Creston station is an Amtrak intercity train station in Creston, Iowa. The station is served by the Chicago–San Francisco Bay Area California Zephyr. Constructed by the Chicago, Burlington and Quincy Railroad (CB&Q) and opened in 1899, the station is listed on the National Register of Historic Places as the  Chicago, Burlington and Quincy Railroad-Creston Station.
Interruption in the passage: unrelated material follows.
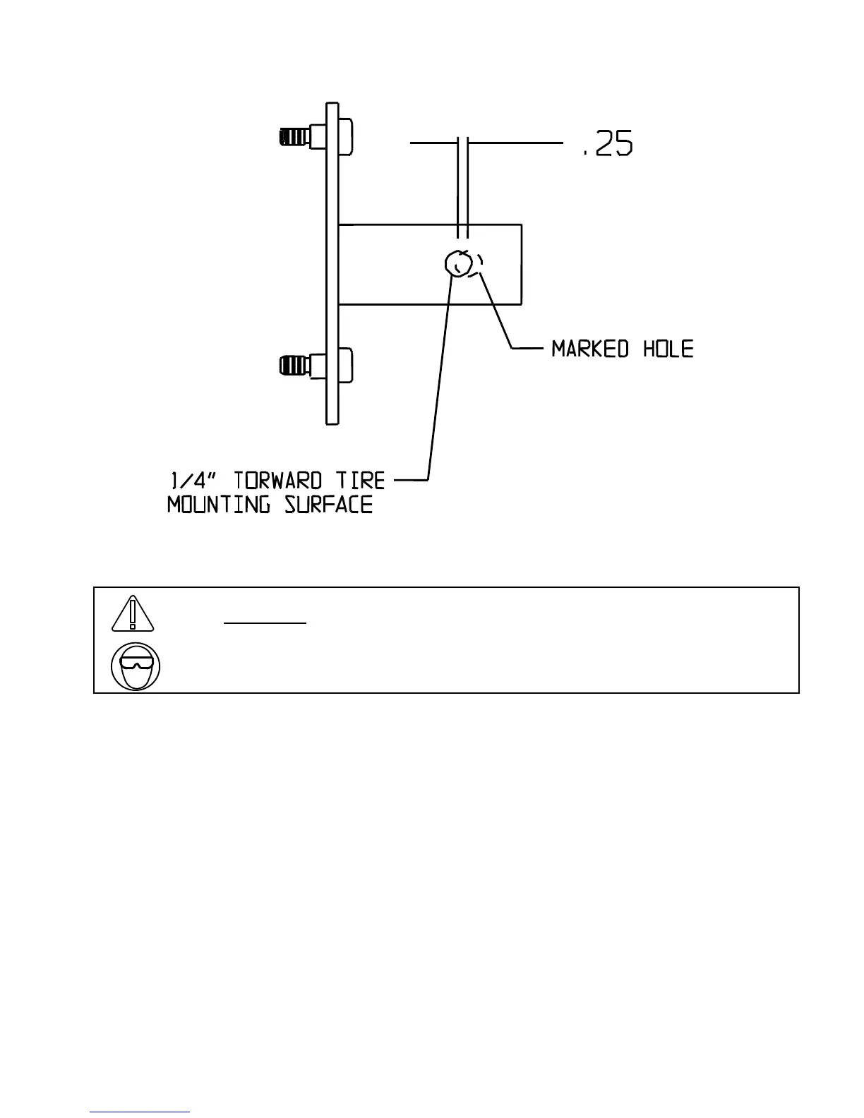 tire carrier. Using the supplied ½” x 3” bolt, washers, and lock nut, bolt the mounting
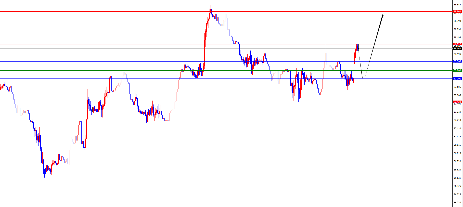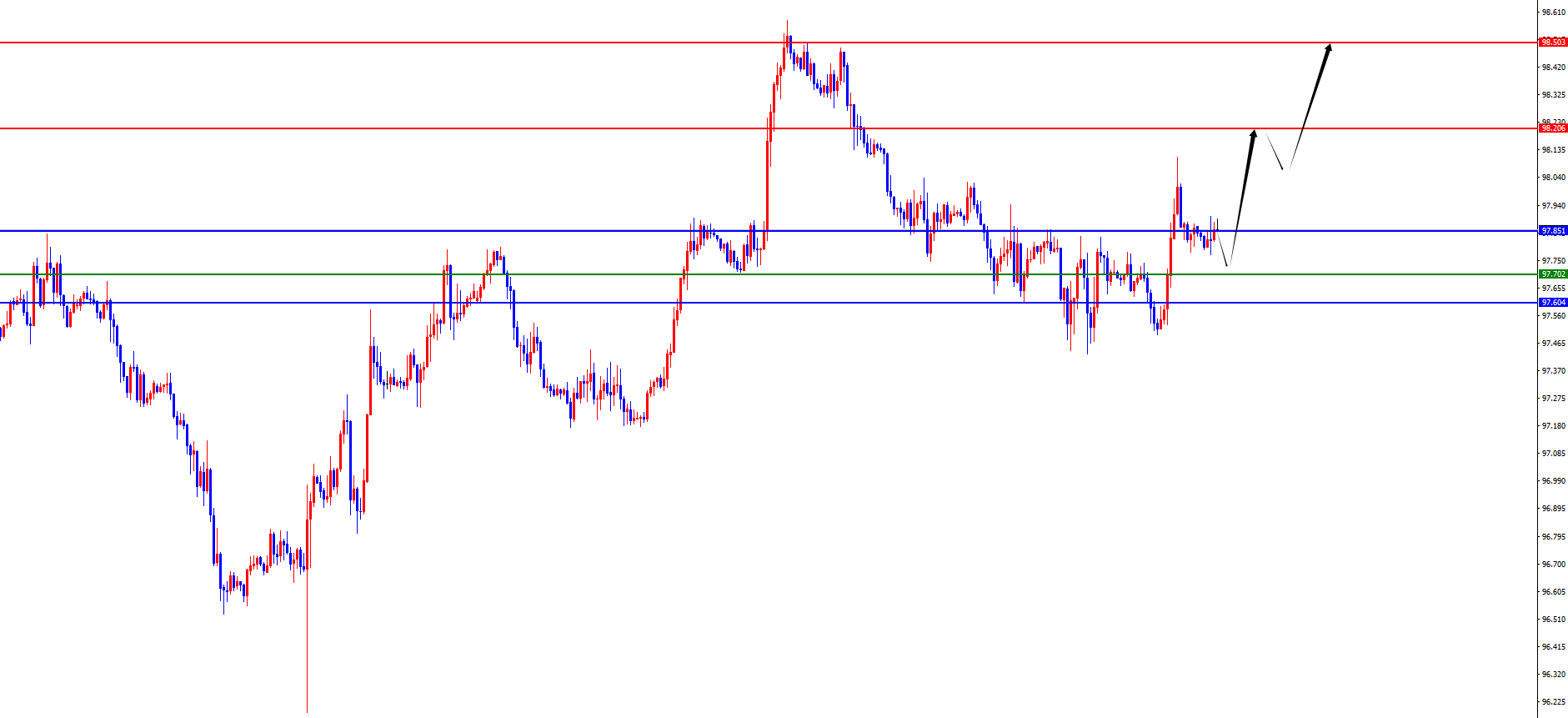 从多周期分析,周线级别来看近期价格在周线关键上下盘整,目前周线支撑于97.90区域,后续持续关注价格周线收盘在此位置上方,一旦收盘在此位置上方则后续将发力上涨。从日线级别看,随着时间的推移目前日线支撑于97.70区域,价格此位置之上波段进一步上涨。从四小时上看,在上周初价格承压于四小时阻力位置,在上周四价格突破上涨,之后周五再度回踩至日线及四小时支撑,整体目前四小时支撑于97.80位置。一小时上今日早盘直接跳空高开,后续待价格回补缺口后继续看多头延续。

Amtrak moved to the historic station in 2019 from a small station immediately to its east that had been used since 1969. Creston station is also used by the city of Creston as a city hall and community center, known as the Creston Municipal Complex.

History

The station was built by the Chicago, Burlington and Quincy Railroad (CB&Q) in 1899 for $75,000. The Chicago architectural firm of Burnham and Root, who designed many of the CB&Q's stations, designed this station as well. Creston was a division headquarters, therefore all of the railroad's business in southwest Iowa operated from here. It also housed the office of the Master Carpenter, who oversaw all section and bridge work for the division, and the office of the trainmaster, who oversaw the switching and forming of trains in the Creston yards.  In addition to the CB&Q mainline, two branch lines originated from here, and another railroad operated from the depot as well. Creston also had various maintenance shops and contained a roundhouse; both have since been demolished or destroyed by a tornado.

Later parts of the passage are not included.